HORLIVKA, Ukraine - For seven years Lidia Lenko has put up with stray bullets flying through her kitchen window and shrapnel bursts that left jagged pockmarks in the green metal fence outside her home.

Now she is living through what she fears is another upswing in the slow-burning war between pro-Russian separatists and government forces in eastern Ukraine.

Once, says the 66-year-old, she believed in the possibility of peace. "But now we listen, we see on TV that there are some talks going on, but there is no relief at all. We only feel the effect on us, when there’s shelling.

"When I go outside in the dark, I see night tracer bullets. If these were peaceful times, I would say they were firework sparklers. But in fact it is terrifying... It's getting worse and worse by the day now."

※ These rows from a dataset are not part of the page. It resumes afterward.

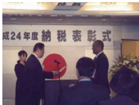
厳粛に行われた納税表彰式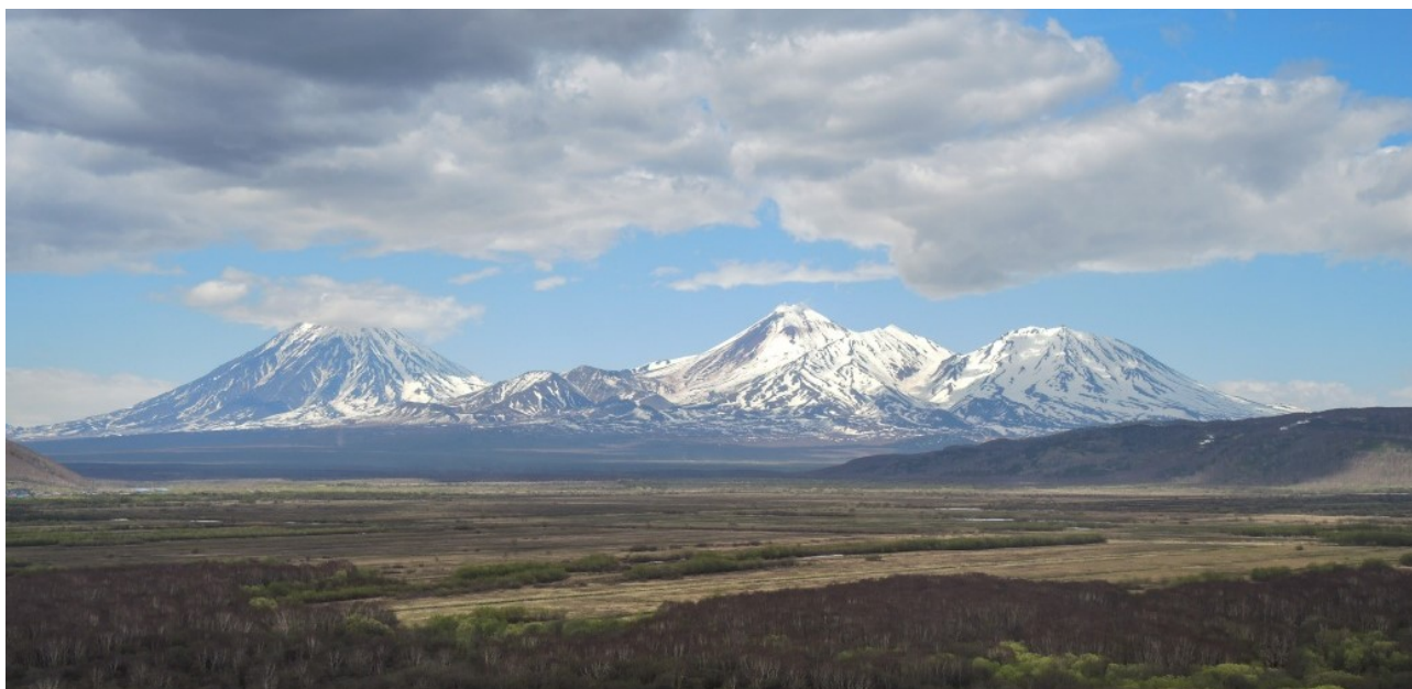
Рис.3 Вид с Халактырской скалы на Авачинско-Корякскую группу вулканов

Подъем на скалу лучше осуществить с северной стороны через лес: тропа проходит вдоль обрыва и выходит на вершину скалы, откуда открываются замечательные виды на окрестности.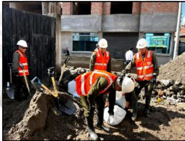
Brigada de Intervención Rápida para Desastres de la 3ra Brigada de Servicios realizan trabajos de limpieza, descolmatación y remoción de escombros en el distrito de Paucarpata

On the edge of Horlivka, a town controlled by the separatists since 2014, Lenko and her neighbours are trapped between the two warring sides in a conflict that the Ukrainian government says has killed more than 14,000 people.

Russia has accused Ukraine of preparing to try to recapture the breakaway eastern regions by force - something Ukrainian President Volodymyr Zelenskiy again denied on Friday.

Ukraine fears Russia might use that as a pretext to launch a full-scale war. Moscow says this is false and alarmist.

'CONSTANT FEAR'

Tatiana Toloshina, 60, lives in a battered shack with gaping holes in the roof. She keeps ducks, rabbits, pigs and hens, and has built an extensive larder fit to withstand a siege, with jars of pickles and crates full of apples, carrots and cabbage.

"When the shelling starts, I try to hide in the basement. Maybe it won't save me that much. But at least it is somehow comforting," she said.

"We hear the shelling. We live in constant fear. Because it's impossible, you never know where it's going and where it will land."

Aleksander Studenikin and his wife live in the basement of a ruined school, with a candle burning on the table and an old TV set in the corner. Their own house was destroyed by shelling in July 2014.

Like the other residents, he says he hopes for peace but doubts it will come: "It's to their (the sides') benefit to keep the fighting going."